Say what? On what planet?
Because actual data from planet Earth paints a cataclysmic picture. The latest report from the California Department of Developmental Services, for example, indicates its autism caseload (which is limited to developmental disability-level autism) has grown 4,000% from 1989 to 2020: from about 3,000 cases to about 126,000 (2), an eye-popping number far exceeding prior increases (3, 4). Heck, in my County of Santa Clara alone, DDS-eligible autism has soared from 147 cases in 1990 (5) to 4,505 today (2). These California data compare apples to apples, relying as they do on objective measures of mental and adaptive functioning. Though some small amount may relate to diagnostic shifts (4), eligibility criteria narrowed in 2003 and have not broadened to encompass milder cases.
And of course, the U.S. Centers for Disease Control has famously found steady increases in childhood prevalence, from 1 in 150 in 2000 to 1 in 54 in 2016 (6, 7), including an unprecedented 3% rate among New Jersey children (7, 8). A study in Atlanta found ID and CP rates fairly stable from 1996–2010, but ASD average annual prevalence increased 9.3% per year. The prevalence of ASD both with and without co-occurring ID increased (9), a trend widely seen in the literature (for example 6, 7, 11).
Outside the U.S., we’ve seen similar trends. In three regions of Canada, the estimated average annual percent increases in prevalence among children 2–14 years of age ranged from 9.7% to 14.6%. “[W]e cannot rule out the possibility of a true increase in incidence,” said the researchers (10). The prevalence of ASD in Western Australia was seen to increase by 11.9% per year, from 8 cases per 10,000 births in 1983 to 46 cases per 10,000 births in 1999. A rise in all types of ASD was seen and a “true increase in ASD cannot be ruled out,” said the authors (11).
Finland saw an eight-fold increase in the incidence rates in children of diagnosed ASD born between 1987 and 1992 (12). In Israel, prevalence data indicated an increase from 1.2 per 1,000 in those born in 1986 to 3.6 per 1,000 in 2003 (13). A new report from Northern Ireland showed an increase from 1.2% in 2008 to 4.2% in 2019 of children identified with autism. Among boys, the prevalence was the stuff of nightmares, about 6.4% (14). Again, most studies that look find increases across all levels of autism. Moreover, this phenomenon of increasing prevalence is seen in many childhood neuropsychiatric disorders, not limited to ASD (for example, 15).

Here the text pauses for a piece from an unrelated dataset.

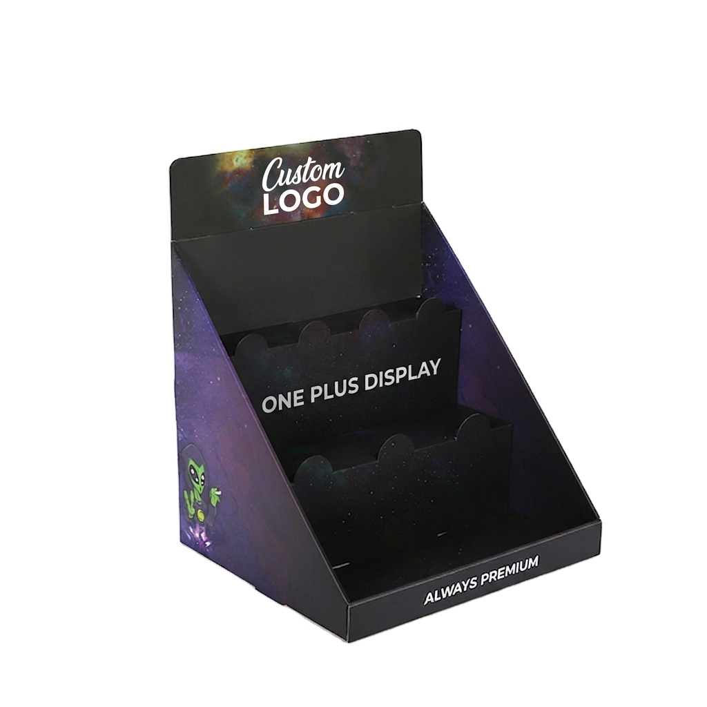 Tyyli ja tarkoitus. Toisin kuin tavallisissa tasaisissa hyllyissä, tämän pahvinäytön jokaisessa tasossa on kohotetut puolipyöreät kielekkeet (välilevyt). Nämä toimivat tehokkaina tuotepysäyttiminä varmistaen, että pienet esineet, kuten vape-pullot tai huulivoiteet, pysyvät tukevasti paikoillaan eivätkä liu'u eteenpäin.

And that’s just a sampling of hundreds of such reports and studies. So what gives with the Primer? While it indicates that “All authors read and edited the full document,” it also says the epidemiology section was penned by Traolach S. Brugha, MD, an adult psychiatrist at University of Leicester, U.K., who has been an outspoken increase denier.
“The vast majority of epidemiological literature was simply ignored.”
Of the six papers cited in the Primer’s paragraph contending there has been no increase in autism (anywhere in the world, it seems), four were to Brugha’s own work, and none supported the claim. The vast majority of epidemiological literature was simply ignored.
Of the Brugha papers, one was irrelevant to the question (16). Another, a U.K. administrative report on various mental disorders, was based on a minuscule sample, acknowledged its own methodological shortcomings and stated, contrary to the Primer, that one cannot “rule out the possibility that the prevalence of ASD has increased” (17). The third suggested a .98% rate of suspected autism in a sample of people aged 16 and up in England (18), using experimental methods. Even if true, this rate falls far short of the nearly 2% rate now seen among U.S. children. Not to mention the 2.64% rate among Korean children (19), the 3% rate in New Jersey, or the 4.2% rate in Northern Ireland.
The Global Burden of Disease study (20), to which Brugha contributed, which surveyed 354 diseases, and on which the no-increase argument primarily relies, is so opaque one cannot ascertain the methodologies used, and was clearly not intended to show changes in autism prevalence over time in any identified regions or countries. The other U.K. report (21) found increasing autism rates among younger cohorts of children, again contradicting the assertion of no increase. Finally, a study on Swedish children (22) did not ascertain prevalence changes, but rather behavioral characteristics that are related to autism, over a constrained period of time. Indeed, a recent study in neighboring Denmark saw no sign of a plateau in increasing autism prevalence (23).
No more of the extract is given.